→ **Task directions**: Without the pictures, output the lines of the material from the very first through the one that holds "Designer King 1BR".
------
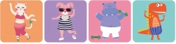Alege pisica, hipopotamul, iepurele sau dinozaurul și îmbracă eroul în ținuta corectă conform cardului de sarcină.
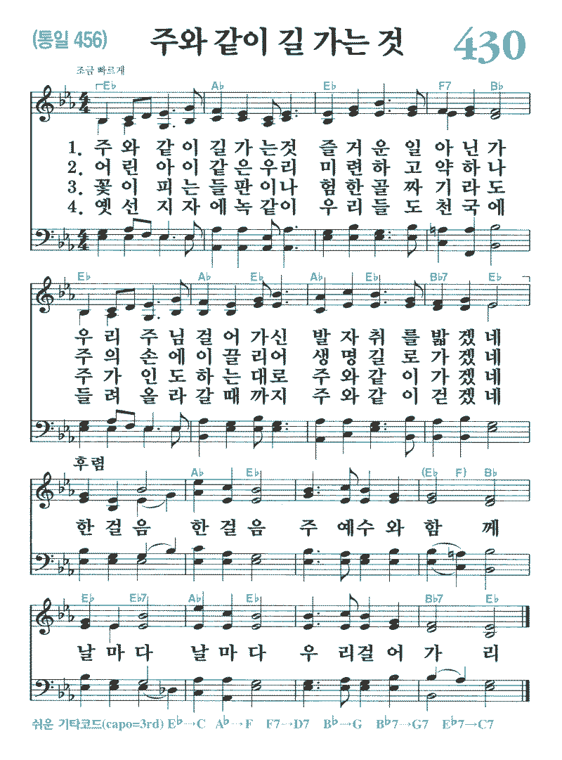 (1)주와 같이 길가는 것 즐거운 일 아닌가 우리 주님 걸어가신 발자취를 밟겠네 한 걸음 한 걸음 주 예수와 함께 날마다 날마다 우리 걸어가리 (2)어린 아이 같은 우리 미련하고 약하나 주의 손에 이끌리어 생명 길로 가겠네 한 걸음 한 걸음 주 예수와 함께 날마다 날마다 우리 걸어가리 (3)꽃이 피는 들판이나 험한 골짜기라도 주가 인도 하는 대로 주와 같이 가겠네 한 걸음 한 걸음 주 예수와 함께 날마다 날마다 우리 걸어가리 (4)옛 선지자 에녹같이 우리들도 천국에 들려 올라 갈 때 까지 주와 같이 걷겠네 한 걸음 한 걸음 주 예수와 함께 날마다 날마다 우리 걸어가리
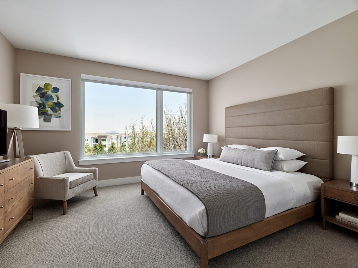 Designer King 1BR Near NYC | Parking, Pool & Gym
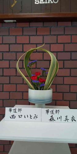 9月に実施される文化祭では、個人の生け花はもちろんのこと、部員全員の合同作品を展示しています。
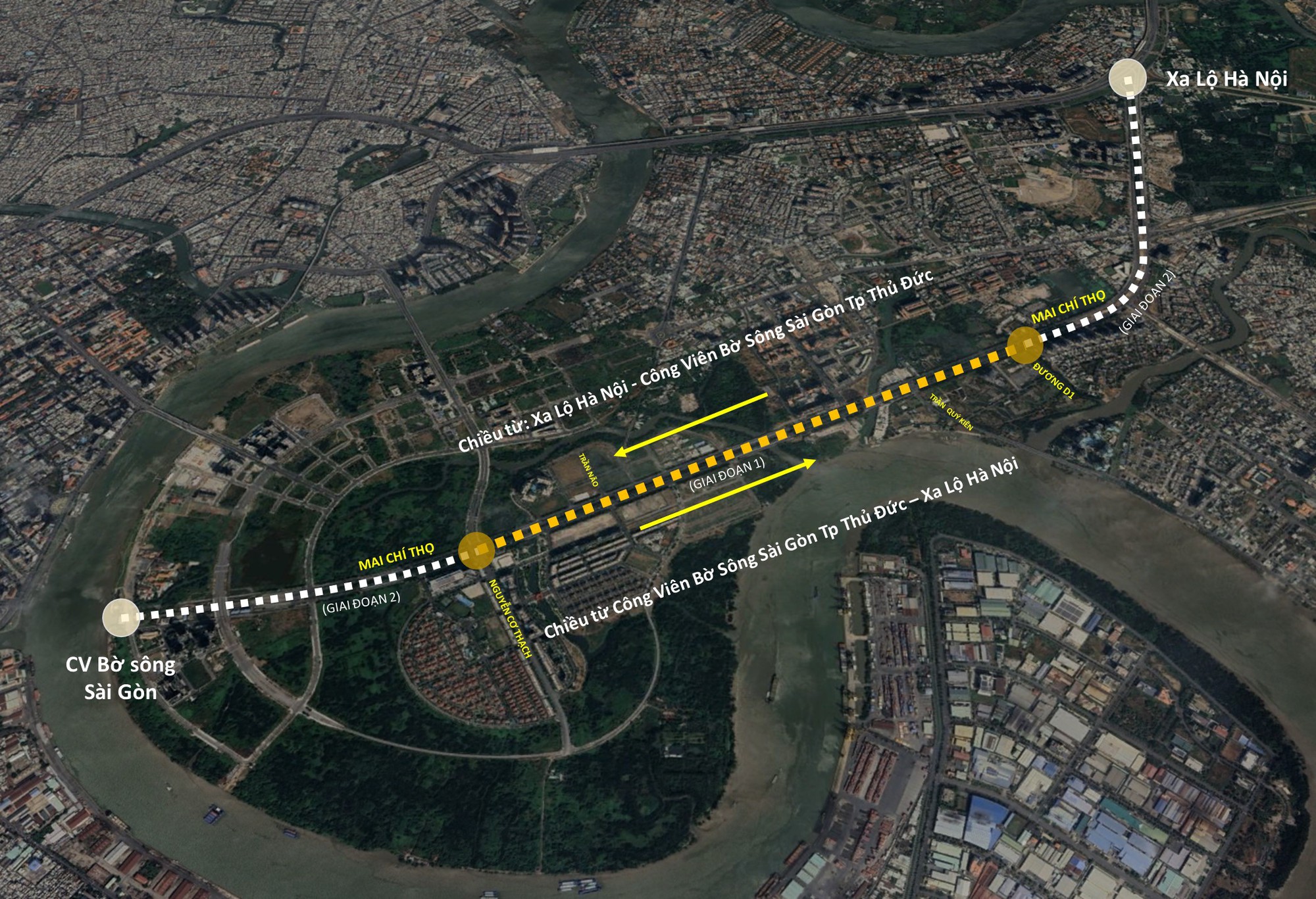 ដោយពន្យល់ពីជម្រើសនៃផ្លូវ Mai Chi Tho ជាកន្លែងដំបូងសម្រាប់រៀបចំគន្លងដាច់ដោយឡែកសម្រាប់កង់ លោក Tan បានមានប្រសាសន៍ថា ផ្លូវនេះមានហេដ្ឋារចនាសម្ព័ន្ធស្របគ្នា ច្រករបៀងធំទូលាយគ្រប់គ្រាន់ដើម្បីបង្កើតផ្លូវដាច់ដោយឡែកសម្រាប់កង់។ ក្នុងដំណាក់កាលទីមួយ គម្រោងនេះភ្ជាប់តំបន់លំនៅឋានចំនួន 3 រួមមាន Sala, New City និង The Sun Avenue និងមជ្ឈមណ្ឌលពាណិជ្ជកម្មធំៗ។
------
→ **Answer to this task**:
Alege pisica, hipopotamul, iepurele sau dinozaurul și îmbracă eroul în ținuta corectă conform cardului de sarcină.
 (1)주와 같이 길가는 것 즐거운 일 아닌가 우리 주님 걸어가신 발자취를 밟겠네 한 걸음 한 걸음 주 예수와 함께 날마다 날마다 우리 걸어가리 (2)어린 아이 같은 우리 미련하고 약하나 주의 손에 이끌리어 생명 길로 가겠네 한 걸음 한 걸음 주 예수와 함께 날마다 날마다 우리 걸어가리 (3)꽃이 피는 들판이나 험한 골짜기라도 주가 인도 하는 대로 주와 같이 가겠네 한 걸음 한 걸음 주 예수와 함께 날마다 날마다 우리 걸어가리 (4)옛 선지자 에녹같이 우리들도 천국에 들려 올라 갈 때 까지 주와 같이 걷겠네 한 걸음 한 걸음 주 예수와 함께 날마다 날마다 우리 걸어가리
 Designer King 1BR Near NYC | Parking, Pool & Gym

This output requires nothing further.